Молодой человек, чуть полноватый, не очень прислушивался к развязной болтовне Долгорукова и Гагарина, а внимательно следил за игрой. Правда, противостоять карточной хватке Геккерна у него явно не хватало опыта, но внимания ему было не занимать.
Барон, встав из-за стола с зеленым сукном, быстро отошел к своему старому приятелю Отто Брею, поверенному в делах баварского посольства. Взяв с подноса шампанского себе и другу, Геккерн издалека наблюдал за Жоржем, изо всех сил пытаясь прислушиваться к тому, что рассказывал ему Брей, и невпопад кивая. Сердце его разрывалось от невозможности подойти к своему белокурому другу, усердно развлекавшему красивых молодых дам.
…Луи, а ты умеешь расстегивать пуговицы языком?..
Геккерн поспешно закрыл лицо руками, закашлявшись, и поднял влажные глаза на Брея. Тридцатилетний дипломат, усмехнувшись, подал Геккерну бокал вина и, проследив направление его тоскующего взгляда, насмешливо сказал:
– Этот ваш юный друг совершенно очарователен, барон… Надеюсь, вы нанесете мне визит с вашим протеже?
Луи быстро опустил глаза и кивнул, стараясь больше не поворачивать голову в сторону Дантеса.
…Юный шутник Долгоруков наконец поднялся из-за стола и скользящей, чуть прихрамывающей походкой направился к Дантесу. Жан Гагарин, недобро усмехнувшись и прищурив глаза, отвернулся к Д'Аршиаку и стал расспрашивать его о недавней свадьбе его сестры.
– Готов поспорить, милостивый государь, – нарочито громко начал Пьер, – что вы и маркиз де Пина, который вместе с вами был принят в гвардию, имеете высоких покровителей. – Жорж удивленно поднял бровь, но ничего не ответил. – Что ж… если учитывать, что вашим непосредственным начальником является господин Полетика, то дальнейшее ваше продвижение по службе зависит только от ваших успехов в… – Пьер, не сводя нахальных глаз с Дантеса, наклонился и, почти касаясь губами мочки его уха, кривя в гнусной усмешке слишком правильный, идеально очерченный рот, прошептал ему несколько слов.
Дантес вспыхнул и отчаянно покраснел, мгновенно вспомнив их перепалку на «Николае I».
– Вы негодяй, князь!
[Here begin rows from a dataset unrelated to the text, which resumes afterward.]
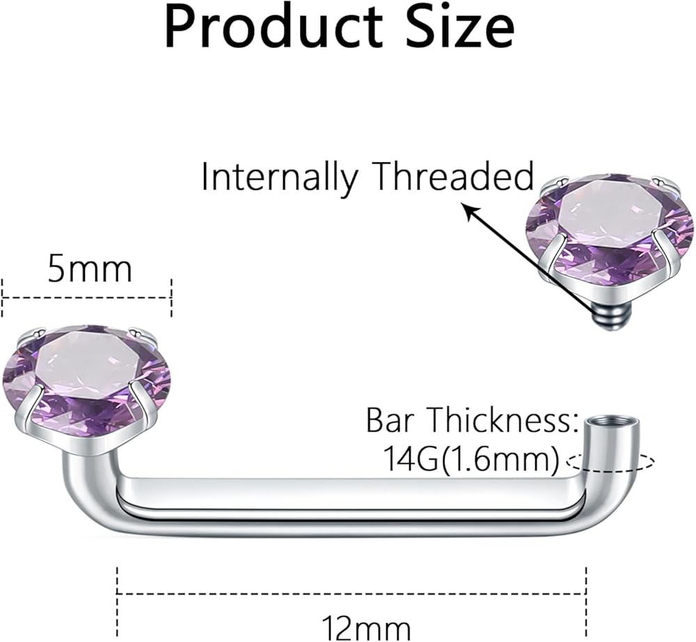 Xpircn 14G Titanium Surface Piercing Jewelry Flat Bar CZ Staple Barbell Internally Threaded Surface Tragus Staple Bar Piercing Jewelry 10/12/14mm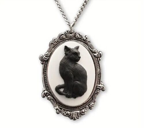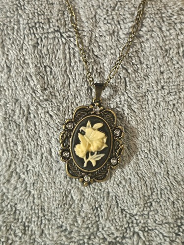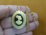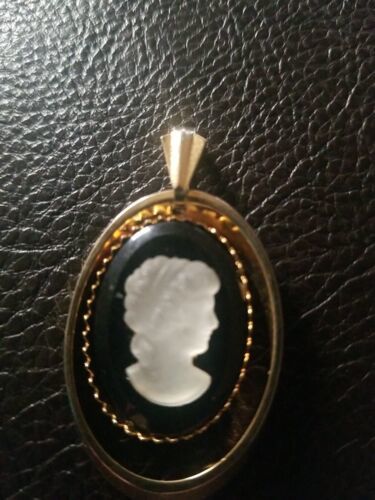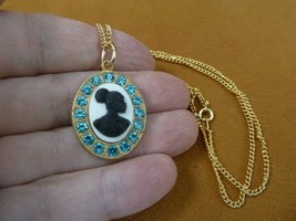 CA30-147) RARE African American LADY black + white CAMEO brass pendant necklace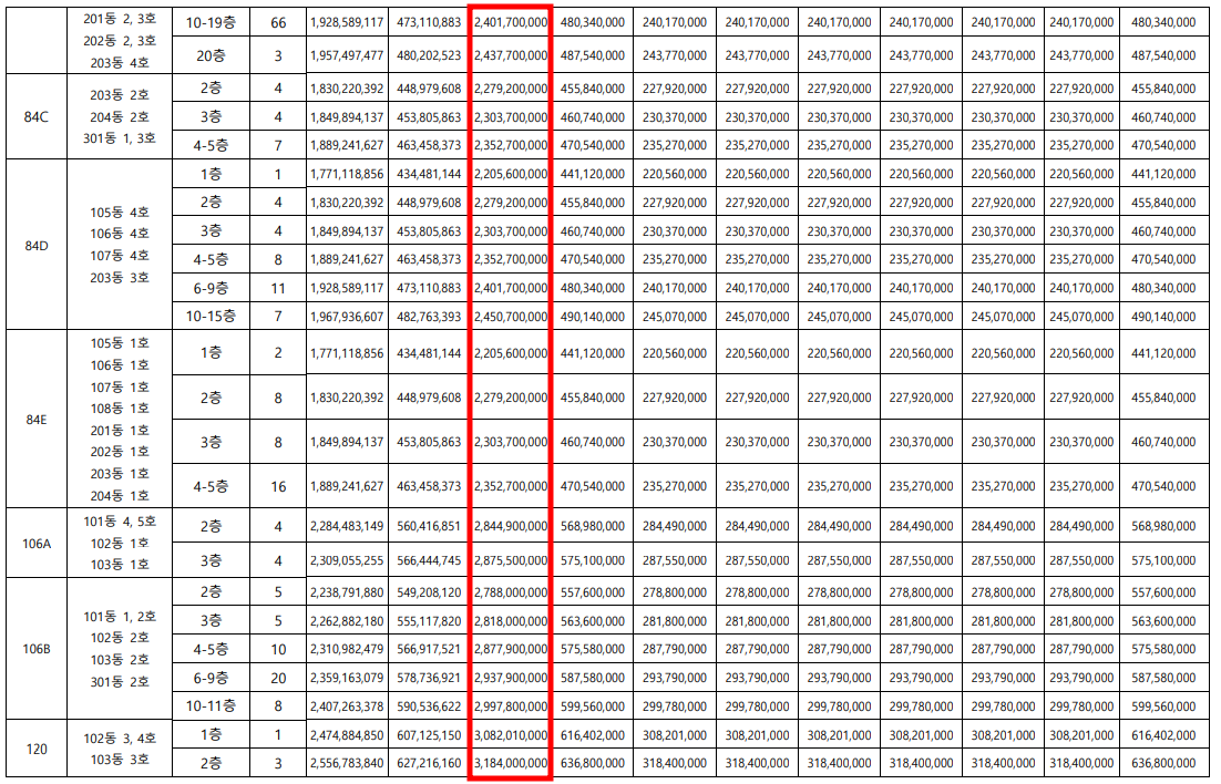 전용면적 25평인 59사이즈부터 120타입까지 분양가를 표로 한눈에 보시기 바랍니다. 래미안 원페를라는 후분양 아파트로 청약과 입주가 같은 해에 진행됩니다. 중도금, 잔금 일정이 다소 빠듯하여 표에 납부 일정도 파란색으로 표시했으니 꼭 확인하세요.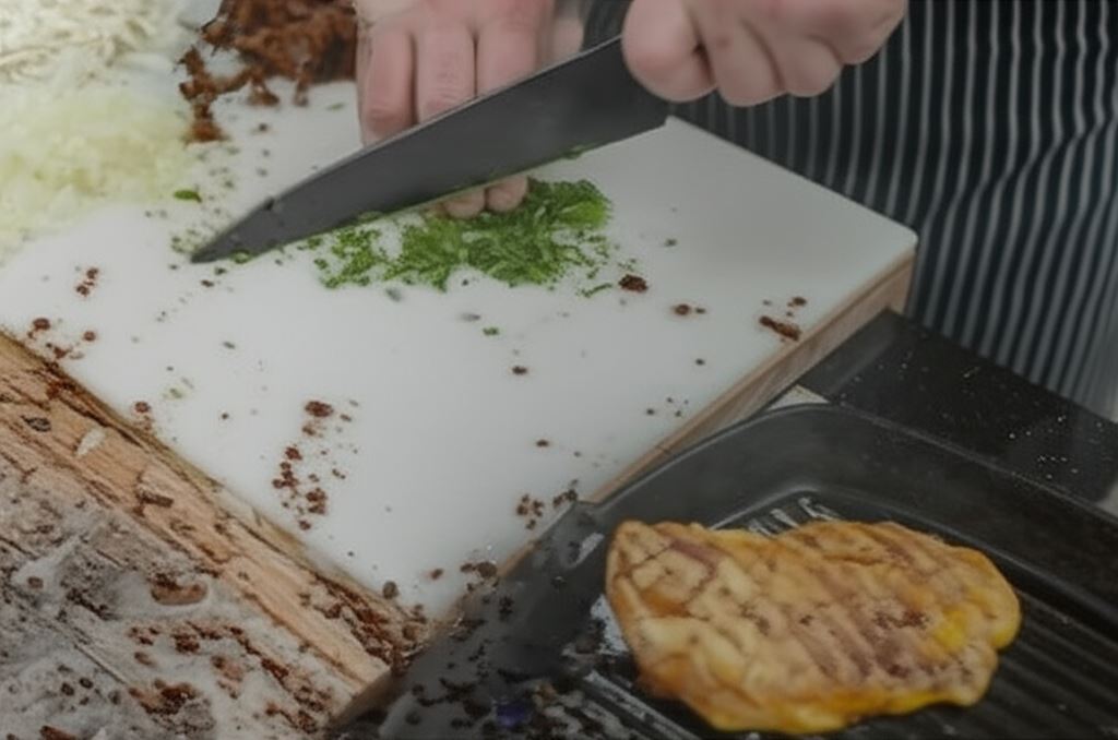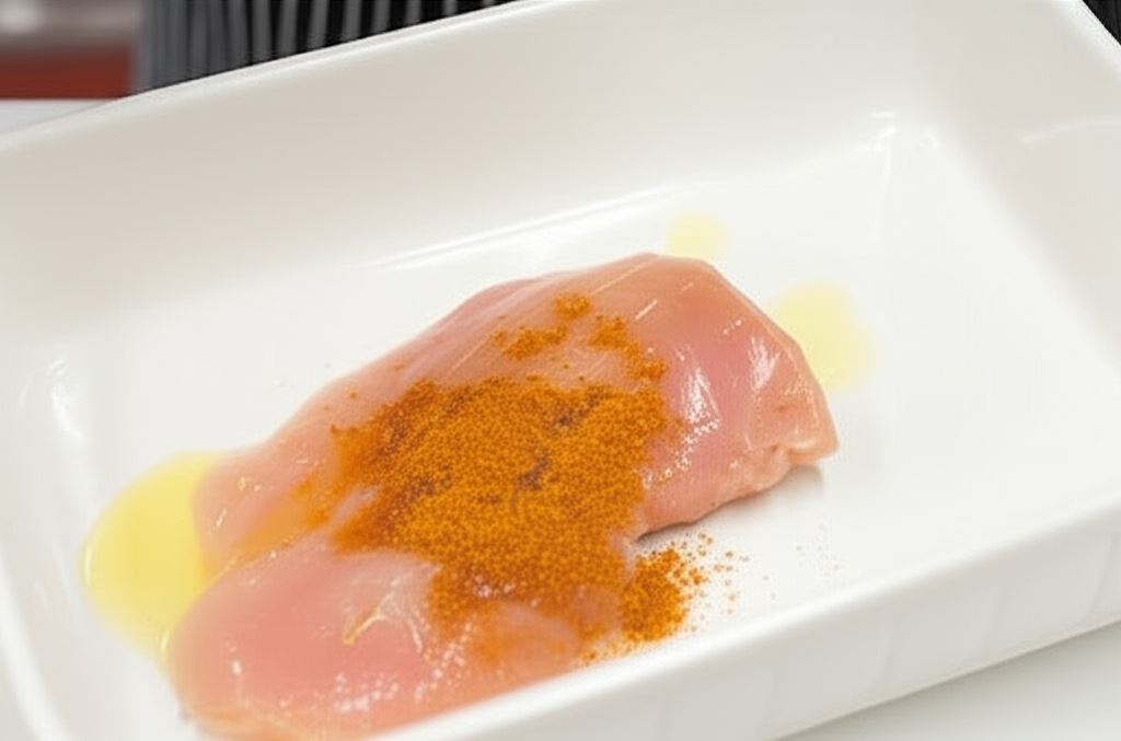 Pierś kurczaka osusz ręcznikiem papierowym, skrop oliwą i przypraw przyprawą do kurczaka. Następnie zrumień na patelni grillowej po obu stronach.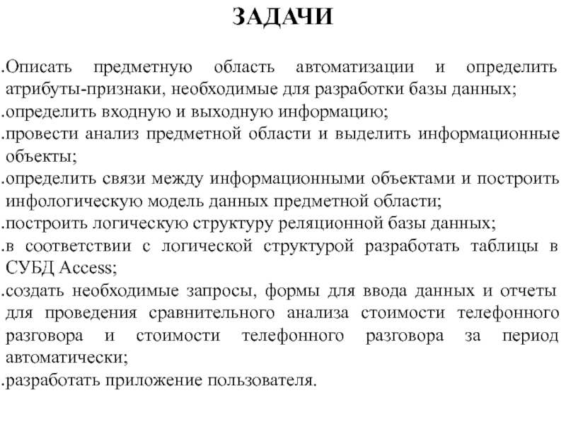 ЗадачиОписать предметную область автоматизации и определить атрибуты-признаки, необходимые для разработки базы данных;определить входную и выходную информацию;провести анализ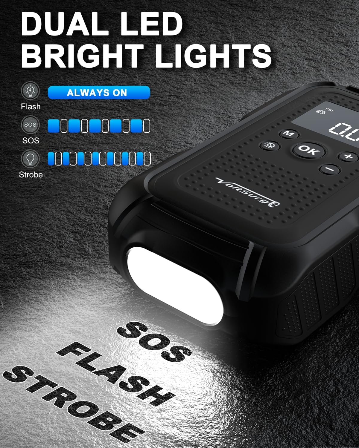 - ăIt Has 6 Functions at The Same Timeă VoltSurge D04 car emergency kit is a new R&D model, which is a new high-power inflatable all-in-one battery emergency power supply that integrates six functions such as car emergency start, tire inflator, lighting, SOS warning, mobile device charging, and starting 12V on-board equipment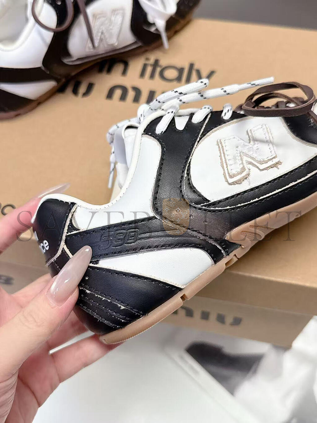 MIU MIU X BALANCE 530 SL EMBELLISHED CALFSKIN SNEAKERS 5E165E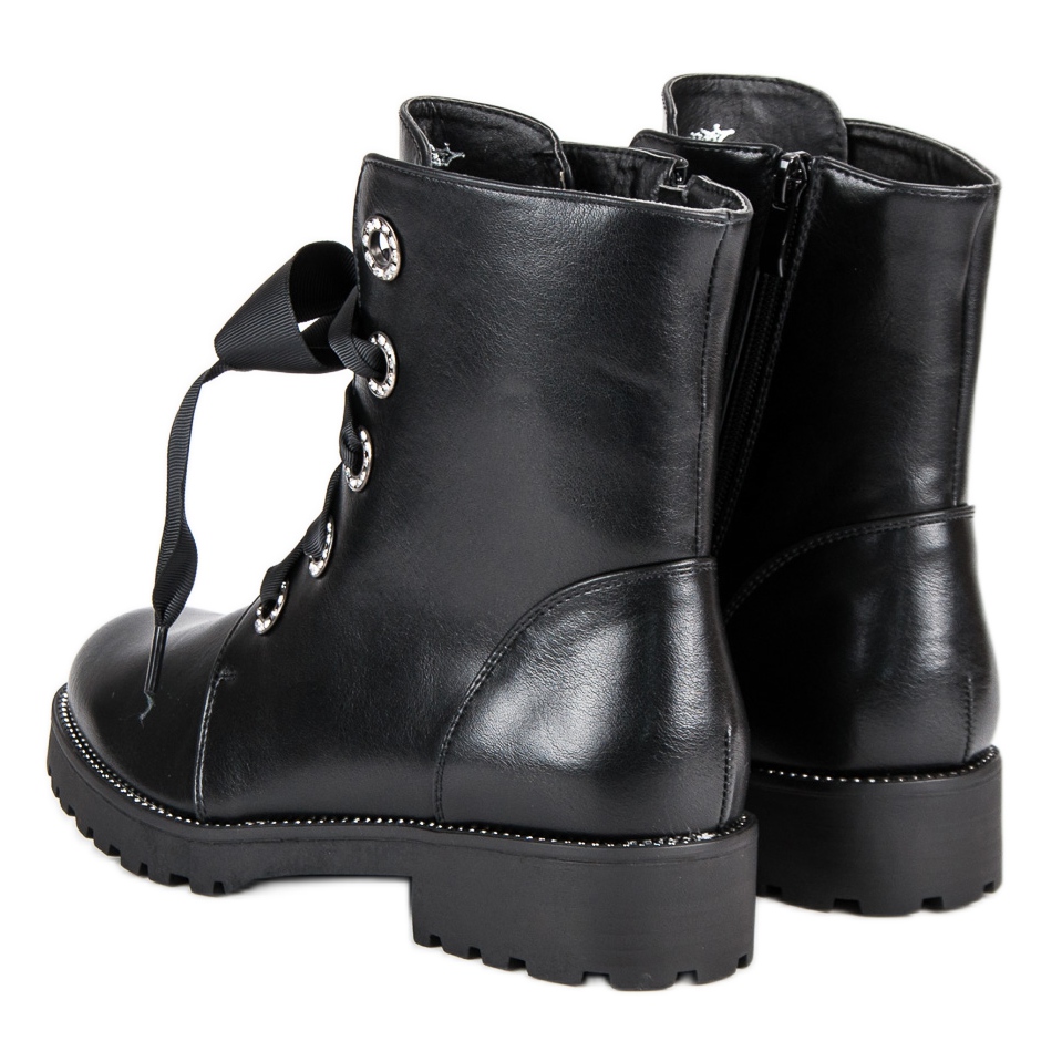 Descoperiți stilul și confortul unic cu botinele de damă workery Queentina într-o culoare neagră elegantă. Acești pantofi plati clasici cu înălțimea de 4 cm se potrivesc perfect în tendința modei casual, iar versatilitatea lor îi face o completare perfectă pentru multe stiluri de zi cu zi.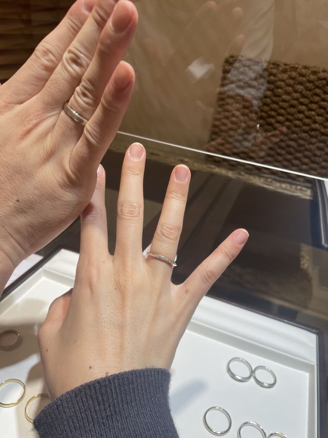 こちらのお店は木目調の指輪が定番としてあり、他のブランドとは違うものも見てみたいと思い来店しましたが、こちらの指輪のような定番の形やデザインもありました。シンプルですが、長く疲れそうだと思いました。木目調のデザインにするのに色や素材を選べるのも良かったです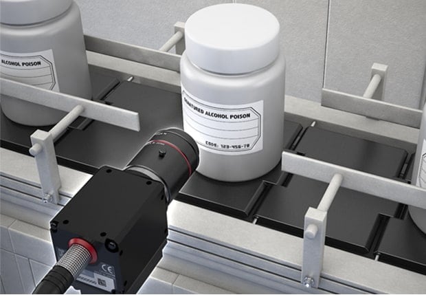 容器に巻きつけられたラベルのずれを検査します。ずれだけではなく、めくれなどの外観不良も同時に検査可能です。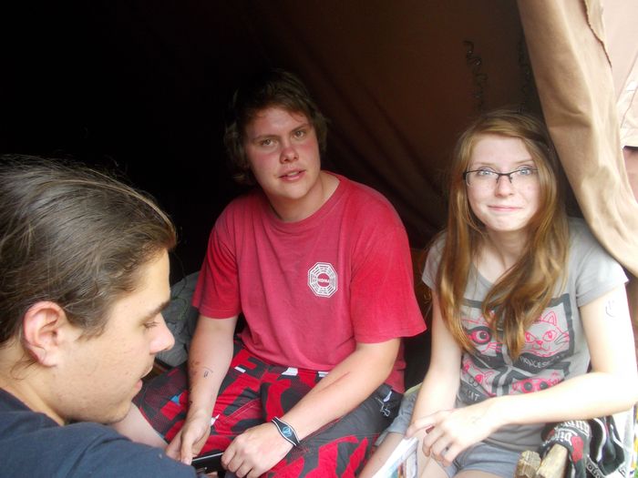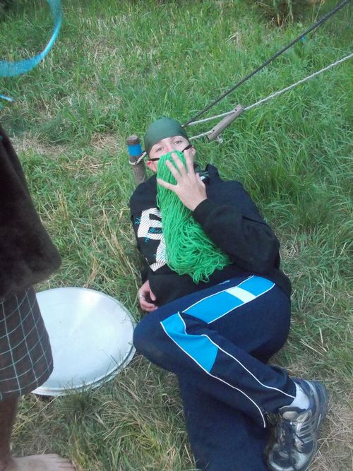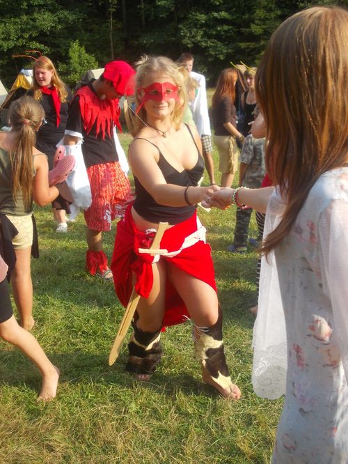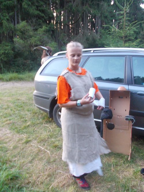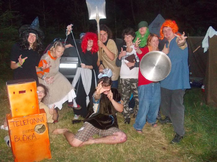 Takže to je obecně a teď k táboru!! Nebyla jsem tam jako účástník, ale volná instruktorka (praktikantka). To znamená, že jsem nebyla celý den u oddílu, ale jen pomáhala, když bylo třeba. Např. když se dělaly pohádkové postavy pro děti při etapách, byla jsem u různých soutěží a tak. Měla jsem tam jet ještě s jednou kamarádkou, jenže ta dostala angínu a celý týden musela ležet doma na antibiotikách, takže jsem tam v podstatě jela sama. Sice jsem ty ostatní volné instruktory znala z "předtáboráku", ale tam jsem se s nimi moc nebavila. Ale bála jsem se zbytečně. Oni mě mezi sebe vzali, jako by jsme se znali už nějaký ten pátek. A trošku mě i zkazili, ale podle jejich mínění to ještě nic není. "Naučili" mě otevírat pivo lžící :D ale nebojte, já to pivo nepila, já jsem slušná. A divíte se proč je to naučili v úvozovkách? To je proto, že když mi s tím jeden kluk pomáhal, tak mi to šlo, ale když jsem to pivo otevírala sama, tak jsem si odřela klouby, protože jsem neměla ten správný švih. Taky mi tam 2 kluci pomalovali tenisku...nestihla jsem to vyfotit dřív něž mi z toho půlka barev vybledla, kvůli tomu, že jsem tam běhala v mokré trávě. Řekněmě, že toto je výcuc všeho hlavního a publikovatelného :D :D teď vám sem dám pár fotek, ale jsou bohužel nekvalitní :/ časem, až budou třeba zveřejněné na stránkách DDM, tak vám sem dám odkaz, ale ty moje jsou strašné ;)

Но я не намерен разбираться с вами здесь, в присутствии дам! По какому праву вы позволяете себе оскорбления в адрес госпожи Полетики, не говоря уж обо мне? Завтра жду вас ровно в десять утра у заставы! Пришлите мне своего се…
– Немедленно прекратите, Жорж! – быстро прервала пылкую речь юноши внезапно появившаяся Идалия. – Он просто шутит! Кто же не знает нашего милашку Пьера? Он просто ревнует вас к Жану! Или к месье Геккерну. Жаль, что не ко мне… – Красавица расхохоталась, весьма довольная своей шуткой. – Ведь правда, князь? – насмешливо спросила грациозная рыжеволосая кошка, лениво поводя точеными плечами.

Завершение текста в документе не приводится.